No officers' or shareholders' meetings were held subsequent to this initial meeting and the remaining corporate documents were mailed to Lemieux at the office of Gem Paving. Lemieux then took these documents to Armor's office to obtain Leo's and Wentworth's signatures.

The corporation started out with initial capital of $15,000. Leo, Wentworth and Soucy were each loaned $5000 by Lemieux which they then used to purchase stock. Leo, Wentworth and Soucy were each issued 500 shares of common stock having a par value of $10 per share. Each was required to execute a personal promissory note in the principal sum of $5000 payable to Lemieux. These notes were never paid, nor did Lemieux ever demand payment until March, 1980, four years after Armor ceased operating. 3 Lemieux did not own any stock in Armor, nor was he listed as an officer or director of the corporation.

On February 1, 1974, Leo, Wentworth, Soucy and Lemieux entered into a written agreement wherein Lemieux was to receive twenty-five percent of Armor's annual net profit before taxes until he should receive $300,000 and thereafter such net profits were to be allocated at the rate of fifty-five percent to Lemieux and fifteen percent to each of the others. Under this agreement Lemieux also had the option to purchase that number of shares necessary to give him fifty-five percent of Armor's stock. 4

Lemieux helped to arrange for the necessary bonding through the same bonding agent employed by Gem Paving. It does not appear that Armor could have bid on bonded jobs without the financial backing of Lemieux and all bids had to be approved by him. Armor was not in a financial position either to buy or rent the equipment necessary for the type of construction work contemplated without the assistance of Lemieux acting through CFL, Inc., his equipment leasing company. Lemieux insisted that all of the construction equipment used by Armor be leased from CFL, Inc. and he personally scheduled such equipment.

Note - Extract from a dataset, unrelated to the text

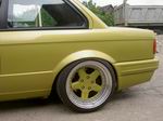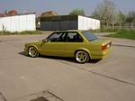 Hallo ich wollte euch mal meinen E30 vorstellen. Ich habe ihn 1999 als originalen 320i gekauft, mit nichts weiter als Sportsitze mit Sitzheizung. Mein Kriterium war kein Rost und unfallfrei. Als ich vor 6 Jahren das Auto gefunden hatte, war der Kauf schnell besiegelt, denn �u�erlich hatte er nur einen kaputten Kotfl�gel und eine kaputte Sto�stange. Das hatte mich nicht weiter gest�rt und bei 1000Dm hatte ich nicht weiter �berlegt. Leider w�hrte die Freude nicht lange da ich als ich ihn abholte auf der Fahrt von Hamburg nach Rostock einen Motorschaden hatte. Dies war eigentlich auch nicht schlimm da ich sowieso vorhatte den Motor umzubauen. Der 2,0l Motor sollte eigentlich die erste Saison halten aber wie gesagt es kommt immer alles anders als man denkt. Leider hatte ich mit dem Rost auch nicht so viel Gl�ck, alle Karosserieteile die sonst immer Rost haben waren bei dem Auto rostfrei. Nur sah es mit dem Unterboden nicht so gut aus. Beide Inneren Radl�ufe waren durch worauf ich sie raus flexte und ungef�hr 5cm h�her wieder ansetzte, wodurch ich jetzt sch�n viel Platz habe zum einfedern. Au�erdem hatte ich auf der Fahrerseite, nachdem ich das ganze Blech was mit Rost befallen war rausgetrennt hatte, ein 40x20cm gro�es Loch. Habe das alles schick fein fertig gemacht und konnte mich endlich dem Plan widmen den ich vorhatte. Habe dann einen 2,0l M50 Motor mit VANOS bekommen den ich dann auch eingebaut habe. Es wurden die Kotfl�gel ausgestellt AZEV A R�der in den Dimensionen 8,5 und 10X17 Mit 215/40 und 245/35 verbaut und ein Fahrwerk von KAW mit h�rteverstellbaren KONIs verbaut. Zu den Karosseriearbeiten/ T�rgriffe entfernt, Zierleisten und Schl�sser entfernt. Die T�ren werden jetzt per Knopfdruck die in den M3 Spiegeln angebracht sind ge�ffnet. Au�erdem sind die Waschd�sen, die BMW Embleme und das Antennenloch geschlossen worden. Der Tankdeckel wurde auch von der h�sslichen Beule befreit. Habe noch M Technik Sto�stangen verbaut und die Auspuffaussparung mit GFK geschlossen. Zum Innenraum / ich habe dort eine beige Lederausstattung aus einer LIMO eingebaut den Himmel schwarz lackiert ein elektrisches Schiebedach und elektrische Fensterheber nachger�stet. War eigentlich noch nicht fertig da der Motor noch nicht lief und ich keine Probefahrt machen konnte, aber der Lackierer hatte Stress gemacht worauf ich das Auto zum Duschen brachte. Ich entschied mich nach langem �berlegen f�r Ph�nixgelb vom E46 M3 da das Modell gerade raus kam und die Farbe neu war. Ich finde jetzt auch das es eine gute Entscheidung war da diese Farbe immer noch nicht h�ufig anzutreffen ist. Nach dem lackieren machte ich mich ans zusammenbauen und daran den Motor zum laufen zu bringen. Bei der ersten Probefahrt im Oktober 2000 merkte ich gleich das es eine saubl�de Idee war das Auto zu lackieren ohne vorher gefahren zu sein. Es schliffen alle 4 R�der worauf ich erst mal auf Federwegsbegrenzer fuhr (Ich rate jedem davon ab es f�hrt sich richtig beschissen). Bin so einen Monat gefahren und habe am 3 Tage bevor ich das Auto abmelden wollte noch ein Reh �berfahren das der Gegenverkehr mir vors Auto geschleudert hat. Es gab auf alle F�lle genug von der Versicherung um alle 4 Radl�ufe noch mal neu zu machen wobei der rechte Kotfl�gel noch einen angedeuteten Lufteinlass bekam. Da die beige Lederausstattung nicht so richtig zum Ph�nixgelb passte schaute ich mich nach Ersatz um und war der Meinung mit E36 Lederst�hlen eine gute Wahl zu treffen. Habe dann die R�cksitzbank von meinem WinterE30 ausgebaut und diese zum Sattler gebracht. Bin so die Saison 2001 gefahren und recht zufrieden bis mir ein 3,0liter Motor mit Vorderachse in die H�nde fiel. Nicht lange nachgedacht gekauft und den M50 Motor verkauft. Habe dann im Winter angefangen den Motor einzubauen, habe dabei auch noch alle L�cher im Motorraum zugeschwei�t und die Karosseriedichtmasse rausgepult und den Motorraum lackieren lassen. Es gab gen�gend Probleme die ich aber nicht aufz�hlen m�chte. Auf alle F�lle hat sich die Arbeit gelohnt. Da ich gerne die Bremse vom E36 M3 fahren wollte habe ich mich um Achsen vom E30 gek�mmert die ich nach langer Suche dann auch gefunden habe, habe mir dann eine Scheibe drehen lassen die ich auf die Radnabe stecke worauf dann die Bremsscheibe kommt. Ich ver�u�erte dann meine AZEV Felgen die ich aufgrund des Lochkreises nicht mehr fahren konnte und fand ganz sch�bige Schnitzer Felgen, diese schraubte ich auseinander und mein Kumpel Frank begann darauf die Sch�sseln zu polieren. Die Sterne gab ich gleichzeitig zum Lackierer um sie auch in Ph�nixgelb zu tauchen. Und so fahre ich im Moment und habe auch noch nichts weiter gemacht, nur diesen Winter startet noch wieder ein kleiner Bauabschnitt (unfreiwillig) da mich eine unaufmerksame Fahrerin beim �berholen �bersah hat und mich in die Leitplanke geschoben hat.

Between April 1974 and October 1975, Lemieux, who was no longer receiving a salary from Gem Paving Company, or a corporation in which he was a principal, began receiving $700 per week from Armor. In October 1975, when Armor experienced financial difficulties, these payments were reduced to $350 per week. Some of the payments were made by check payable to Lemieux and were labelled "consultant's fees" while other checks were made payable to CFL, Inc. and were labelled "equipment rental." Lemieux visited Armor's office at least once or twice a week. He had access to Armor's checkbook and all of its financial records and required its officers to report to him periodically. Leo, as president, however, signed all the corporate checks, contracts with customers and bid estimates on jobs. 5

In October, 1975, when...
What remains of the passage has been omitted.